When I was given access to the growing corpus of data being crowdsourced through Operation War Diary I wanted a quick way to understand what it contained. As the data, beyond the names of those mentioned, is focused around dates and locations I wanted a map that would change through time, and in looking for examples I stumbled across this animated heatmap of collision data from New York City and knew it would work perfectly.
Getting the data into the correct format was the first challenge. The dataset I had at the time contained nearly 300,000 records, with over 10,000 distinct place names mentioned, from 10th Avenue to Zwartelen.

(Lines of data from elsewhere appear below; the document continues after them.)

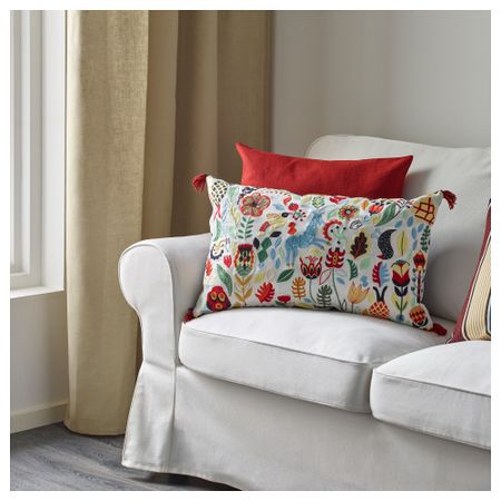Чехол на подушку с разным рисунком с каждой стороны. Чехол на подушку изготовлен из волокна рами; прочный натуральный материал со слегка неравномерной фактурой. Благодаря завязкам чехол легко снять. Подходит для подушек 65x65 см. Длина: 65 см. Размер: 65x65 см
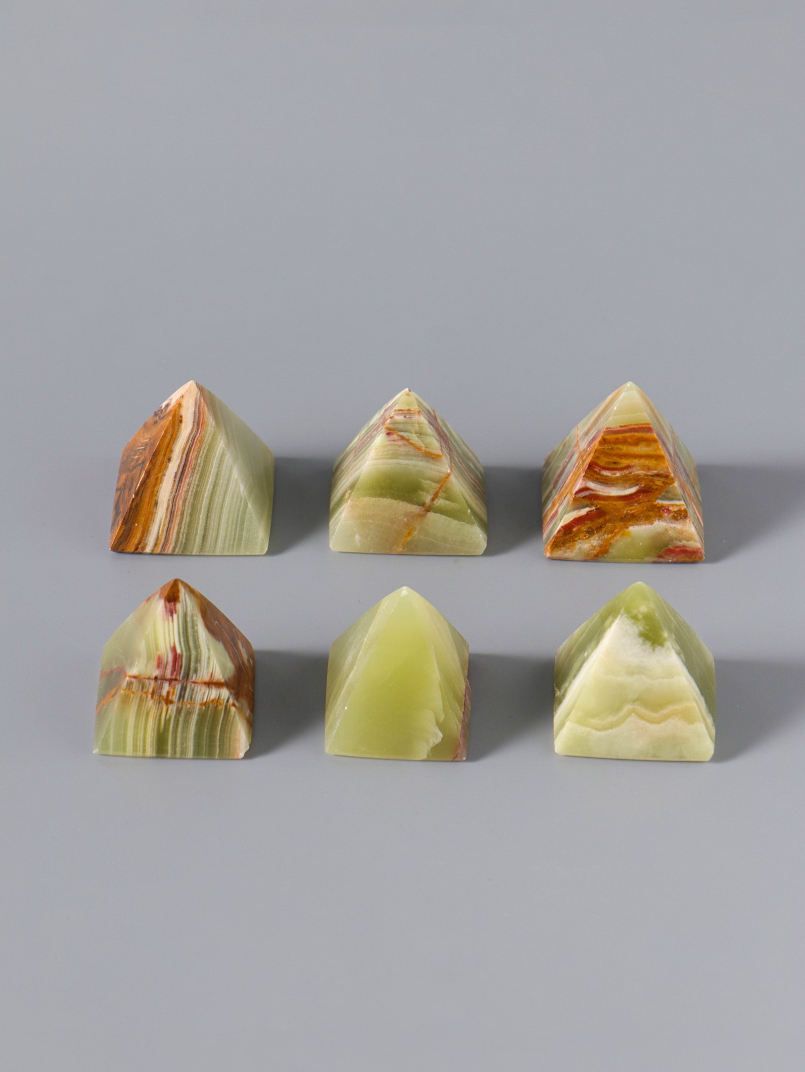Сила в простоте Расставьте каменные пирамиды на рабочем столе или в зоне отдыха. Их присутствие создаёт островок спокойствия, а тактильные свойства натурального оникса помогают мягко переключить внимание и снять напряжение. Это элегантный инструмент для медитативной практики и стильный акцент в интерьере, говорящий о вашем вкусе. | ||
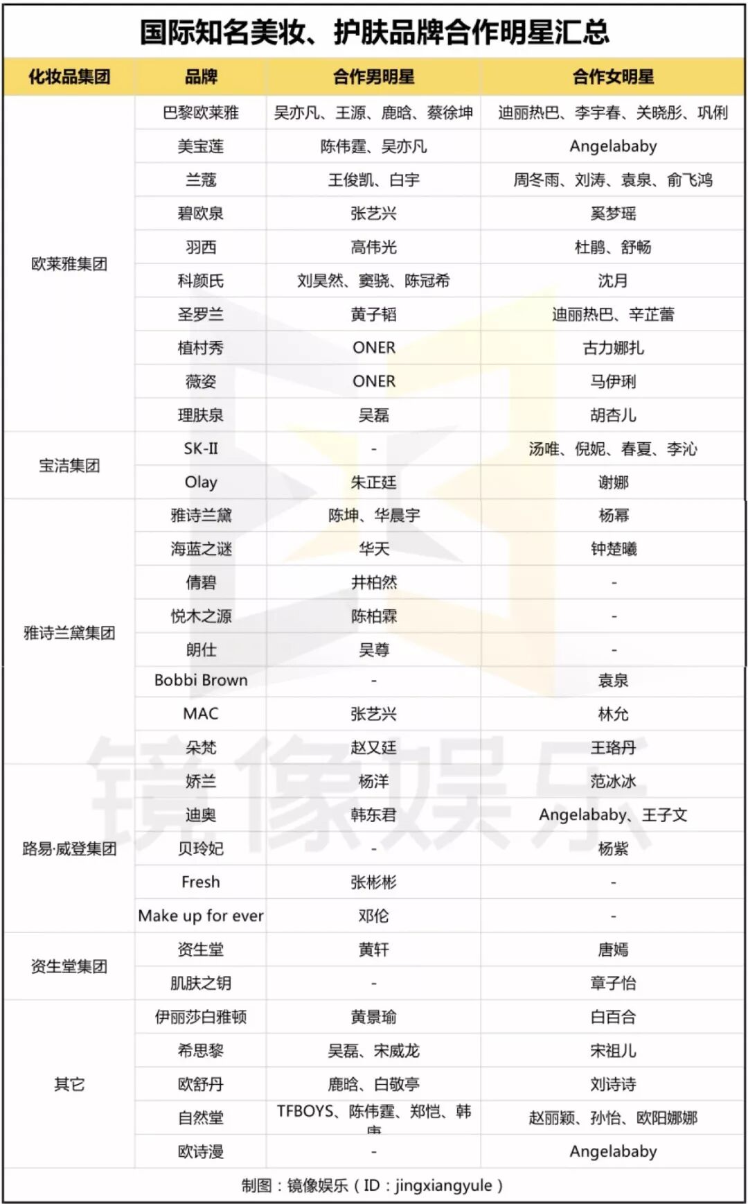 但从头衔的不同,也可看出男女明星在美妆、护肤品牌眼中的受宠程度不同。镜像娱乐(ID:jingxiangyule)发现,刘昊然为科颜氏品牌代言人,而沈月仅为品牌青春大使;黄子韬作为YSL美妆音乐大使,推广了YSL多款产品,而迪丽热巴仅为香水大使;MAC的品牌代言人为张艺兴,而林允仅为品牌大使;同样,杨洋为娇兰的品牌代言人,而在范冰冰未“消失”前,也仅拿下了彩妆及香水代言人头衔。
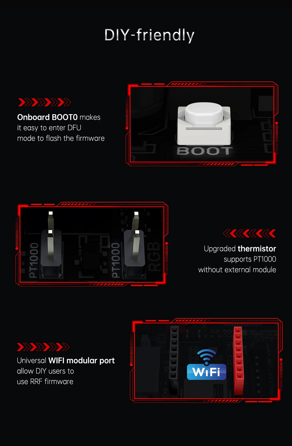 5. Встроенный Рабочий режим SPI и рабочий режим UART, управляемый TMC; встроенные контакты DIAG, которые можно использовать, отсоединяя колпачки перемычек.
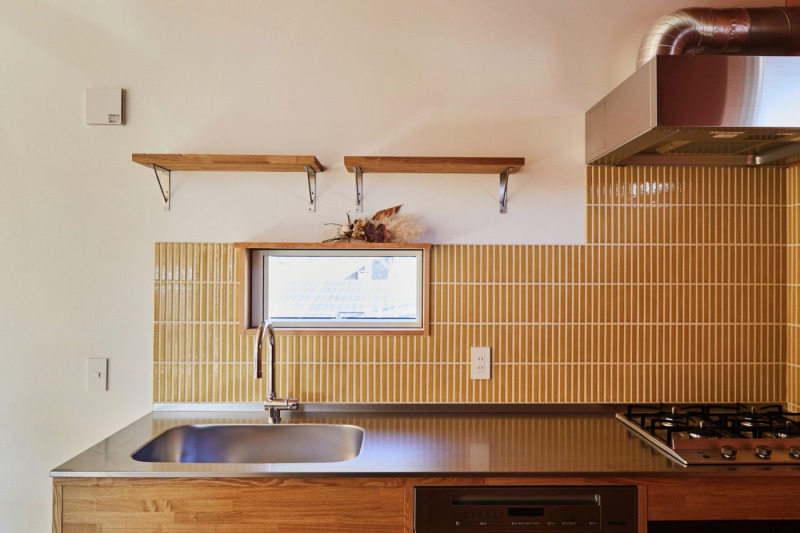 素朴な風合いのタイルが親しみやすさを演出。天板やレンジフード、棚受けをステンレスで統一し、すっきりとした印象に。
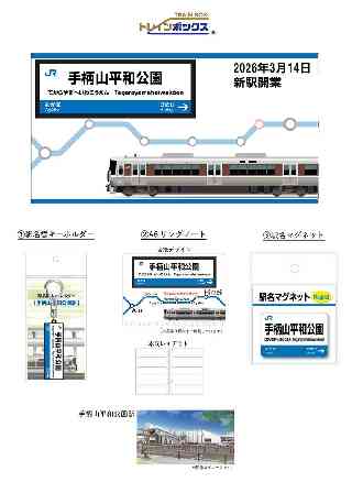 2026年 3月10日 ジェイアール西日本商事株式会社 <fint size="4"> 山陽線の新駅「手柄山平和公園駅」開業記念! 駅名標グッズを2026年3月14日(土)より新発売 〜「駅名標」をデザインした記念グッズで新駅開業を盛り上げます〜 ジェイアール西日本商事株式会社(代表取締役社長:平島道孝/所在地:兵庫県尼崎市)は、2026年3月14日(土) 山陽線 姫路駅〜英賀保駅間に新駅「手柄山平和公園駅」が開業を迎えることを記念し、同日より「駅名標」をデザインした記念グッズを新発売いたします。 ◆「駅名標」をクローズアップした3種類の開業記念グッズ 本商品は、多くのお客様に親しみのある「駅名標」をクローズアップし、実際のデザインを忠実に再現しています。 新たな玄関口として誕生する新駅を身近に感じていただけるよう、キーホルダー、A6リングノートとマグネットの3種類をご用意いたしました。 地域の新たな一歩を祝う記念グッズとして、ぜひお手元でお楽しみください。 <商品概要> @駅名標キーホルダー 販売価格:550円(税込) サイズ:約30×79mm 手柄山平和公園駅の駅名標を精巧に再現したキーホルダー。 カバンや鍵に付けて、いつでも新駅を感じられます。 AA6リングノート 販売価格:660円(税込) サイズ:A6 内容数(本文):50枚綴り ※表紙・裏表紙除く 手柄山平和公園駅の駅名標と、同駅に停車する223系がデザインされたA6サイズのリングノート。 日常使いにも、旅の記録にも最適です。 B駅名マグネット 販売価格:440円(税込) サイズ:約40×60mm 駅名標のデザインをあしらったマグネット。 ご家庭や職場の冷蔵庫やホワイトボードを彩ります。 <販売概要> 1.発売日 2026年3月14日(土) 2.販売箇所 ●JR西日本の一部駅ナカ店舗(ブックスタジオ姫路、ブックスキヨスク尼崎等) ●京都鉄道博物館ミュージアムショップ ●ジェイアール西日本商事通販サイト「トレインボックス」 (https://www.trainbox.jp) ●「トレインボックス」 WESTERモール店 (https://wester-mall.westjr.co.jp) ●JR西日本公式産直オンラインショップ「DISCOVER WEST mall」 (https://dwmall.westjr.co.jp/shop/default.aspx) 3.おしらせ ・販売場所により取扱商品や発売日が異なる場合があります。 また、急遽販売を終了する場合があります。 ・商品仕様、価格や販売箇所は変更する場合があります。 ・それぞれの画像はイメージ図です。実際と異なる場合があります。 ・一部実際の車両・標記と異なる場合があります。 ・以下の公式通販サイト、SNSでも当商品をご紹介予定です。 トレインボックス:https://www.trainbox.jp/ Facebook :https://www.facebook.com/jrwtrading/ X(旧Twitter) :https://x.com/TRAIN_BOX Instagram :https://www.instagram.com/trainbox_jrwt/ ■「手柄山平和公園駅」について これまで駅間距離が長かった姫路駅〜英賀保駅間の鉄道アクセスが向上するとともに、2026年10月に「大和工業アリーナ姫路」が開館予定である手柄山平和公園へも自由通路を通って駅から直接アクセス出来るようになります。 また、全ての新快速・快速・普通列車に加え、通勤特急「らくラクはりま」も停車します。 |

Needless to say, with historic and highly localised data, geocoding these was a bit hit and miss (I used the Google API) but I just wanted a dataset to experiment with, so the 5,400 locations I gleaned was fine for this purpose. A key point was that they represented 160,000 diary entries, so a good enough sample. An interesting side-effect of doing this was that in many cases it managed to harmonise the data – there were 10 different spellings of Poperinge alone, and the modern version wasn’t the most common!
The animation presents just the data for casualties and, obviously, only those where the place could be geotagged. I am acutely conscious how at each stage of this process the sampling and the processes may have led to biases and inacuracies, but this is presented simply to whet the appetite as I feel there is so much potential in this data.